Takeaways From TBLI USA Conference


I have always known that I wanted to be at the forefront of social change, yet I have spent the better part my adult life trying to figure out what exactly that means. I was born and raised in Israel where I served as a tank platoon commander and an operations officer in the IDF, fighting to instill my soldiers with the values I believe in. I then studied Philosophy, Political Science and Economics at the Hebrew University of Jerusalem, and worked as a research analyst at Israel’s reserve bank, the Bank of Israel. Two years ago, I left my job at the bank to spend a year in Rwanda, building a safe and stable family environment for 16 at-risk, orphaned youth. Upon leaving Rwanda, I found myself wondering how to continue utilizing my previous experiences and skills in pursuit of my beliefs. That’s when I first heard about impact investing.

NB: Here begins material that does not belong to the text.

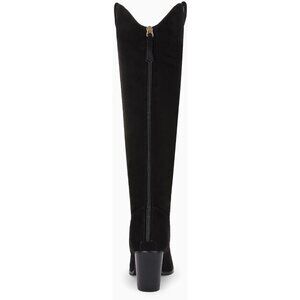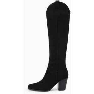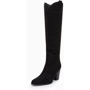 Women Suede Black Cowboy Knee High Chunky Block Heel Square Toe Tall Riding Boot

Blending social awareness with financial decision-making is by no means a new concept. For many years now, investors have been scrutinizing companies by looking at their ESG (Environment, Social and Corporate Governance) performance. However, impact investors take this idea one step further, using investments to catalyze change and advance predetermined social agendas. This is a much more proactive approach – investing in an enterprise whose products are helping society, while generating financial returns.

So if we can achieve our financial goals and do good at the same time, why isn’t everybody doing it? The answer lies, in part, with the fact that impact investing is still an incredibly new field, and one that still needs to overcome many challenges and obstacles. I recently had the privilege of attending the TBLI (Triple Bottom Line Investing) Conference hosted by Credit-Suisse in New York. For me, this was a fascinating opportunity to learn about impact investing from some of the leading practitioners in the field. I want to share with you what I perceive to be some of the key challenges and questions discussed at TBLI 2014 USA:

  1. Scaling Impact Investing. Will impact investing continue to be considered a specialized asset class appealing to a small group of high net wealth individuals, or can it emerge to be a commonly accepted standard for evaluating investments across asset classes?

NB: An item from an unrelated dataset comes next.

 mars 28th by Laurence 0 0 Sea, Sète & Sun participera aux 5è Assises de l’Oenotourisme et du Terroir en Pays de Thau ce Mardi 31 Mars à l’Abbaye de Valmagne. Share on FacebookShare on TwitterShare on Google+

  2. Where do we scale from? Today, many involved in impact investing work from small private investment and advisory firms, often founded by former bankers. However, if we want impact investing to scale, how do we convince the big banks that impact investing is not only a Corporate Social Responsibility (CSR) venture, but a revenue-generating line of products they should be offering all their clients?

  3. Shortage of Impact Products. One of the biggest challenges voiced by many of the conference’s participants was a shortage of viable products across all sections of this new form of investments. We need more social entrepreneurs with strong business models, as well as a variety of accessible investment vehicles with demonstrated social impact and financial returns. The shortage in retail impact investment funds is a clear obstacle on the path to reaching smaller investors.

  4. How do we overcome the idiosyncrasy of impact objectives? Different investors want different types of impact, and finding investors whose impact agenda and financial goals are similar is tricky.

  5. Impact Measurement. This is a hot topic in the impact investing world, as new evaluation platforms are introduced and older ones improved. How do we create metrics that are broad enough to allow a comparison between investments, without missing the unique impact of different enterprises? At the same time, how do we ensure that measuring impact is not an excessive burden on the entrepreneurs and fund managers?

  6. Exit Strategies. As social ventures mature, especially in developing countries, who are they sold to, and how do we ensure the continuity of their impact?

The answers to many of these questions are obviously closely related and interdependent. If impact investing is to be more than a passing trend, all these challenges will have to be, most likely, continually addressed. While complex, these challenges represent new and exciting opportunities for significant contributions to the forefront of social change.